◆ Your task ◆
When you restate the entries that follow, keep every word exactly and drop the pictures.

Information START

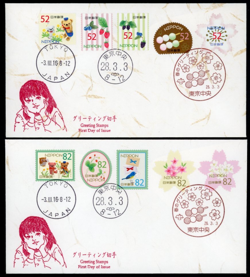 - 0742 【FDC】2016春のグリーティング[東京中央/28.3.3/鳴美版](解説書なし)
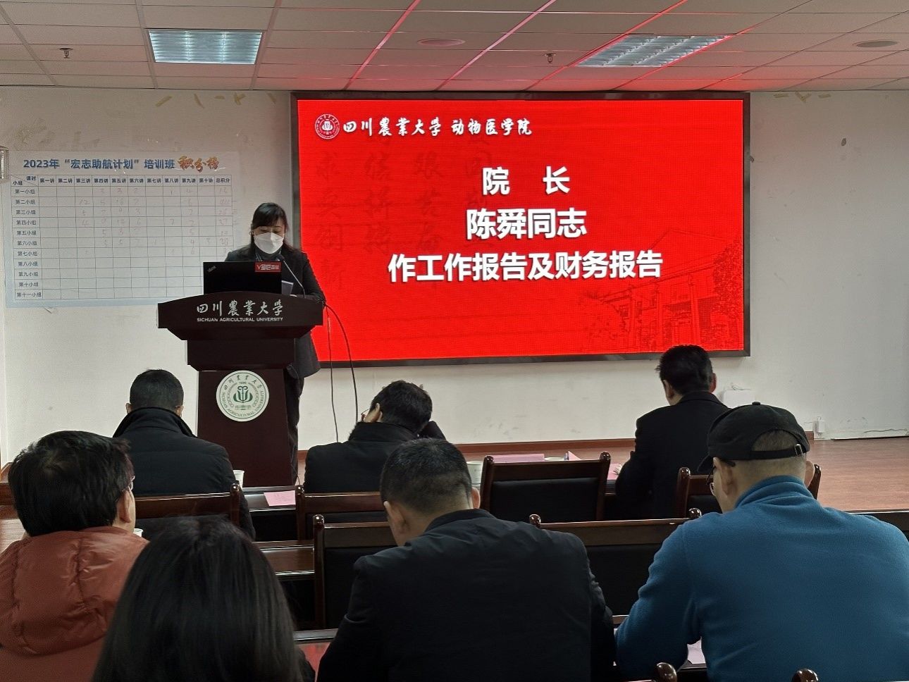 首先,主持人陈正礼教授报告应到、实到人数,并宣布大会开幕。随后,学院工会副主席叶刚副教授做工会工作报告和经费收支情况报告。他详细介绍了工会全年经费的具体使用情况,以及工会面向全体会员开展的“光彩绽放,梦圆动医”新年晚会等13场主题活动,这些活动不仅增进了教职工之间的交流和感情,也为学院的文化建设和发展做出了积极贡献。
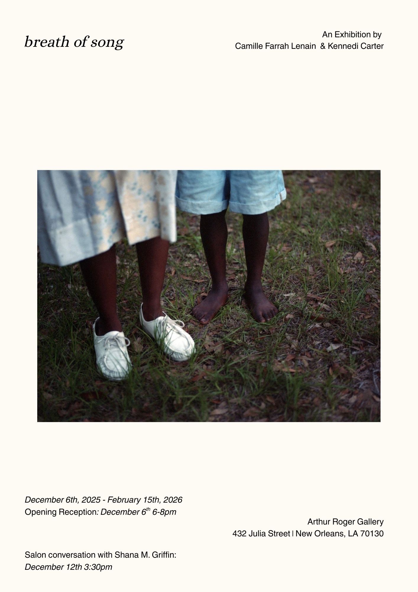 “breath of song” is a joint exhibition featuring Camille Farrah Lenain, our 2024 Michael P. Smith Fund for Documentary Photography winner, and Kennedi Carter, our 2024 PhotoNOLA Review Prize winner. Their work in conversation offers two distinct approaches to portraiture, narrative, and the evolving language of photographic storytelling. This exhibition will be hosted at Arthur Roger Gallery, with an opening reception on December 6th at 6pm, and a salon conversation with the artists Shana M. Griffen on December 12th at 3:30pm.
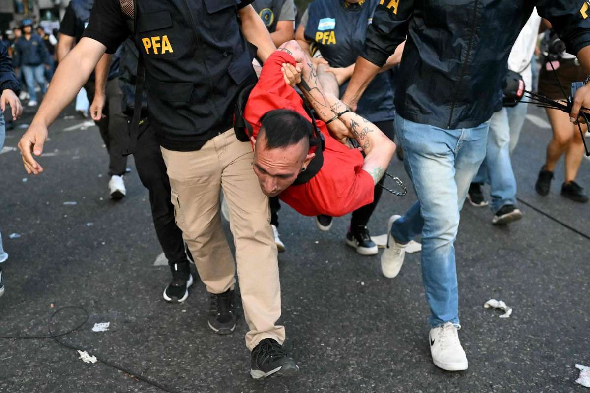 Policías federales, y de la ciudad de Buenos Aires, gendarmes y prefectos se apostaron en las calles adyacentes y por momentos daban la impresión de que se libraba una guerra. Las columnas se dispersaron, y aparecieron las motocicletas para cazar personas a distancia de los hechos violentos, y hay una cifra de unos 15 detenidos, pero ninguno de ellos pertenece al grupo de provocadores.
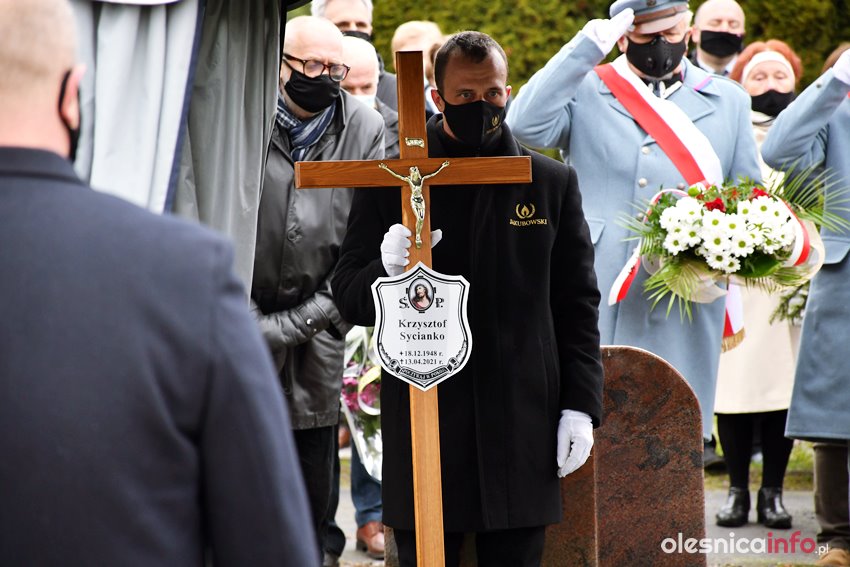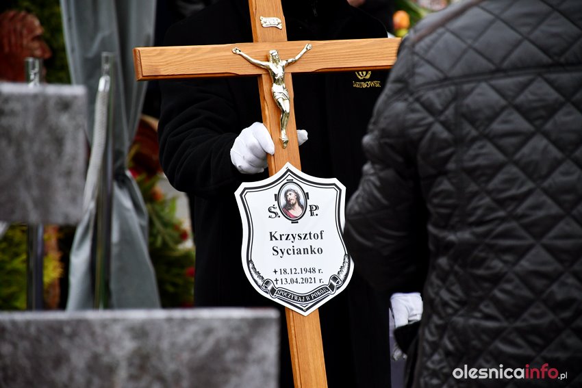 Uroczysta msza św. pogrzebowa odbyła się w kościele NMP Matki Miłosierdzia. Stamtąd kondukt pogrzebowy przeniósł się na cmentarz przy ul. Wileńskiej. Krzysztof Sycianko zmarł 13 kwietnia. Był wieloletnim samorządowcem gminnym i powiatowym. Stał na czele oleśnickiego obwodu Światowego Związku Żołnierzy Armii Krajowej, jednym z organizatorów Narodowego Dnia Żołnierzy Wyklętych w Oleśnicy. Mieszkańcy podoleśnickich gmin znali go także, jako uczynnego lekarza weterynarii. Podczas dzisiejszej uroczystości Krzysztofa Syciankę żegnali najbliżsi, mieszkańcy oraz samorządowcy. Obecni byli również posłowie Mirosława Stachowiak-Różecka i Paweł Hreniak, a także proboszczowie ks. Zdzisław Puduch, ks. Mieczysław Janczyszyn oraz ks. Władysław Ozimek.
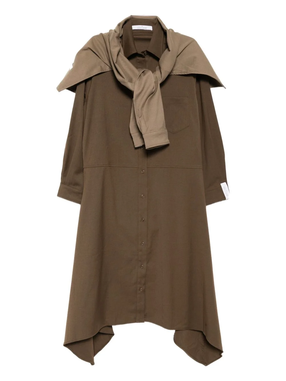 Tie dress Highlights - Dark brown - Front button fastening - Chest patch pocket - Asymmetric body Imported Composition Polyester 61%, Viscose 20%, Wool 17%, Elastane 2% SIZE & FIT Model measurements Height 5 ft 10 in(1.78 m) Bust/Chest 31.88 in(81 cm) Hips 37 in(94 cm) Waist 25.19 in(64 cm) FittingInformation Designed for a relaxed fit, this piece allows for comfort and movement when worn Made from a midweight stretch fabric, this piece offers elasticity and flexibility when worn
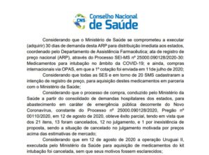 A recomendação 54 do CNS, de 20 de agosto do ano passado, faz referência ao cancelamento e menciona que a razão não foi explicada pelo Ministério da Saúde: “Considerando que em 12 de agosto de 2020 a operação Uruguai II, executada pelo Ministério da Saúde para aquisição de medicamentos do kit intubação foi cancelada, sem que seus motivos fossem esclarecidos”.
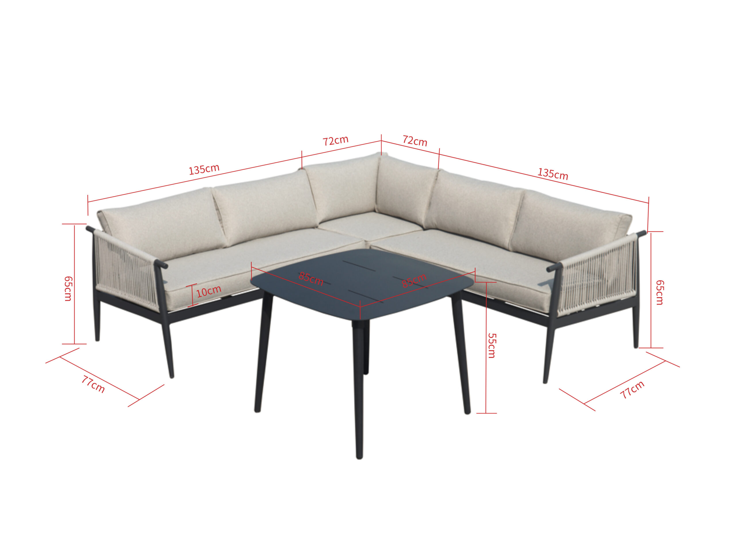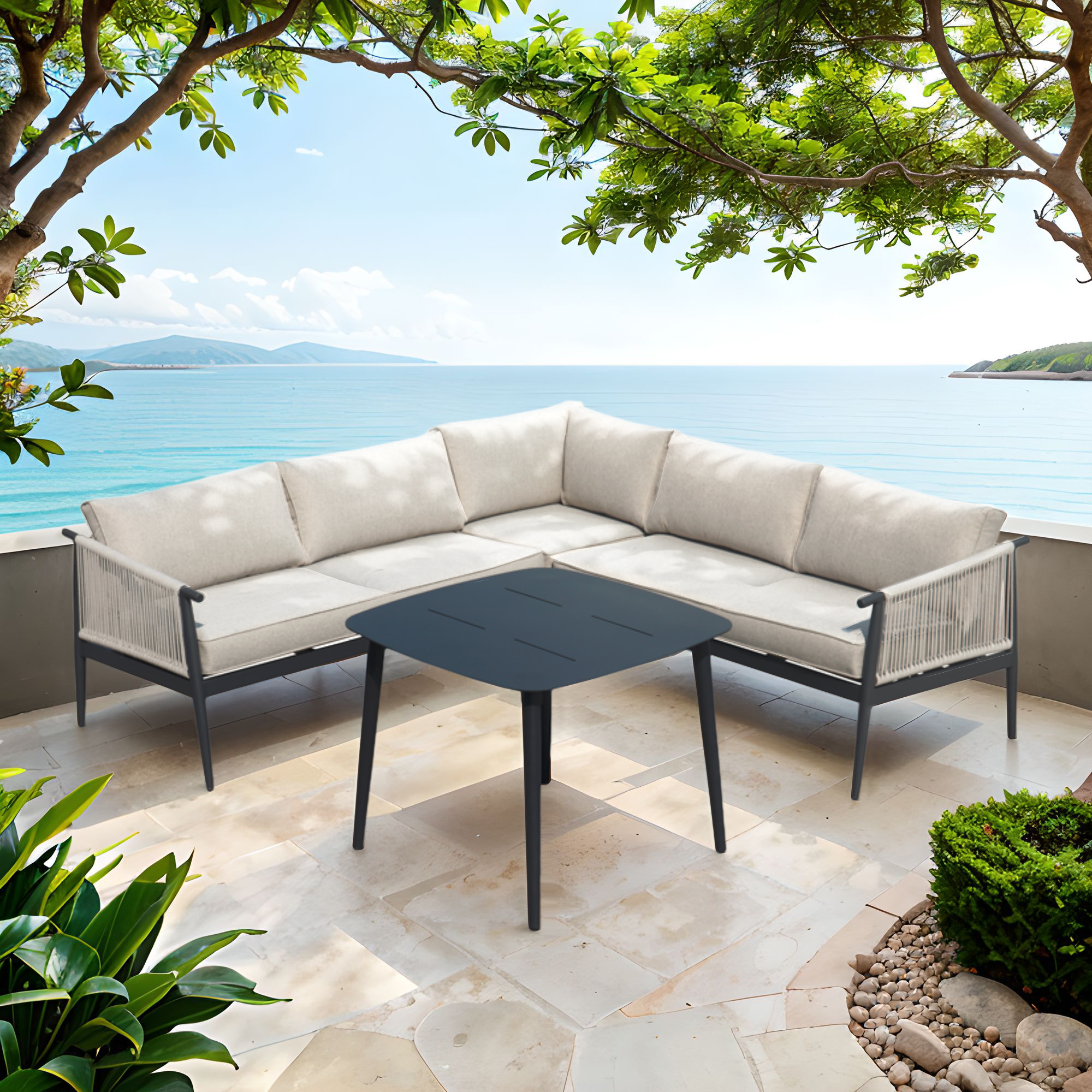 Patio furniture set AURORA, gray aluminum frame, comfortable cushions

Information END

◆ Solution to this task ◆
 - 0742 【FDC】2016春のグリーティング[東京中央/28.3.3/鳴美版](解説書なし)
 首先,主持人陈正礼教授报告应到、实到人数,并宣布大会开幕。随后,学院工会副主席叶刚副教授做工会工作报告和经费收支情况报告。他详细介绍了工会全年经费的具体使用情况,以及工会面向全体会员开展的“光彩绽放,梦圆动医”新年晚会等13场主题活动,这些活动不仅增进了教职工之间的交流和感情,也为学院的文化建设和发展做出了积极贡献。
 “breath of song” is a joint exhibition featuring Camille Farrah Lenain, our 2024 Michael P. Smith Fund for Documentary Photography winner, and Kennedi Carter, our 2024 PhotoNOLA Review Prize winner. Their work in conversation offers two distinct approaches to portraiture, narrative, and the evolving language of photographic storytelling. This exhibition will be hosted at Arthur Roger Gallery, with an opening reception on December 6th at 6pm, and a salon conversation with the artists Shana M. Griffen on December 12th at 3:30pm.
 Policías federales, y de la ciudad de Buenos Aires, gendarmes y prefectos se apostaron en las calles adyacentes y por momentos daban la impresión de que se libraba una guerra. Las columnas se dispersaron, y aparecieron las motocicletas para cazar personas a distancia de los hechos violentos, y hay una cifra de unos 15 detenidos, pero ninguno de ellos pertenece al grupo de provocadores.
 Uroczysta msza św. pogrzebowa odbyła się w kościele NMP Matki Miłosierdzia. Stamtąd kondukt pogrzebowy przeniósł się na cmentarz przy ul. Wileńskiej. Krzysztof Sycianko zmarł 13 kwietnia. Był wieloletnim samorządowcem gminnym i powiatowym. Stał na czele oleśnickiego obwodu Światowego Związku Żołnierzy Armii Krajowej, jednym z organizatorów Narodowego Dnia Żołnierzy Wyklętych w Oleśnicy. Mieszkańcy podoleśnickich gmin znali go także, jako uczynnego lekarza weterynarii. Podczas dzisiejszej uroczystości Krzysztofa Syciankę żegnali najbliżsi, mieszkańcy oraz samorządowcy. Obecni byli również posłowie Mirosława Stachowiak-Różecka i Paweł Hreniak, a także proboszczowie ks. Zdzisław Puduch, ks. Mieczysław Janczyszyn oraz ks. Władysław Ozimek.
 Tie dress Highlights - Dark brown - Front button fastening - Chest patch pocket - Asymmetric body Imported Composition Polyester 61%, Viscose 20%, Wool 17%, Elastane 2% SIZE & FIT Model measurements Height 5 ft 10 in(1.78 m) Bust/Chest 31.88 in(81 cm) Hips 37 in(94 cm) Waist 25.19 in(64 cm) FittingInformation Designed for a relaxed fit, this piece allows for comfort and movement when worn Made from a midweight stretch fabric, this piece offers elasticity and flexibility when worn
 A recomendação 54 do CNS, de 20 de agosto do ano passado, faz referência ao cancelamento e menciona que a razão não foi explicada pelo Ministério da Saúde: “Considerando que em 12 de agosto de 2020 a operação Uruguai II, executada pelo Ministério da Saúde para aquisição de medicamentos do kit intubação foi cancelada, sem que seus motivos fossem esclarecidos”.
 Patio furniture set AURORA, gray aluminum frame, comfortable cushions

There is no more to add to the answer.